I have a report I get on my phone telling me about my usage. To be honest, some weeks the report shocks me. 

I could justify my phone use by saying that I’m exercising my brain with games, building up my spirit with worship music videos, using Bible study tools, and working, and in some ways that would be true. However, social media is a time waster, pure and simple. 

For me, it’s all about communication or lack of it. For most of my life, I haven’t felt as if anyone is listening to me. I’ve never felt “heard”. I’ve always felt invisible to everyone but myself, therefore I grew to feel worthless. It’s not even that I think I have so much to say or share that’s noteworthy, because I don’t. You might be thinking that sounds crazy considering that I am a writer but to be honest, writing first appealed to me because it felt like someone was listening. Now before everyone starts responding and saying flowery things to encourage me, just stop. That is not my purpose for this post. I don’t need or want anyone’s validation. I’m not an insecure adolescent/young adult anymore. 
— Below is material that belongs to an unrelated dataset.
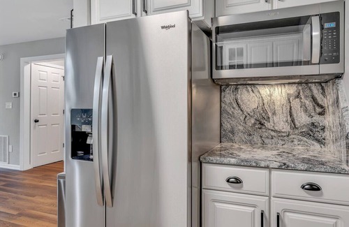 Come on in, take a load off, and sink right into the cozy leather couch! There is plenty of room for everyone to relax to together and feel at home. The large flat screen TV offers the perfect spot for a movie night or enjoy your favorite cable TV show. The beautiful kitchen comes fully stocked with everything you would need to cook up your favorite meals! Stainless steel appliances, granite countertops, and lots of room make this kitchen fit for a chef! We also have both a Keurig and a regular coffee pot for all you coffee lovers! Then pull up a chair for breakfast with your loved ones around the dining room table or pull up a seat at the bar to keep the cook company.

I first came to the Lord because I was explaining to Him what a nothing I was and to my surprise, He spoke to me. I realized that He was listening. He showed me that He will take ”a nothing “and make it into “a something”, in fact, God requires nothingness because something-ness needs somewhere to reside. 

I came to know that not only does He listen and respond, but that He cares. He is available to me 24/7, in fact, He is yearning for me to come and talk with Him. 

Then I found out that not only does He care, but He acts. He fulfills every promise, breaks every binding chain, knocks down every barrier, supplies every need, and makes a path over every mountain and through every valley. 

But the best part is that He is with me and in me! What a thought!

Today I am thankful that God hears, He responds, He cares, and He acts!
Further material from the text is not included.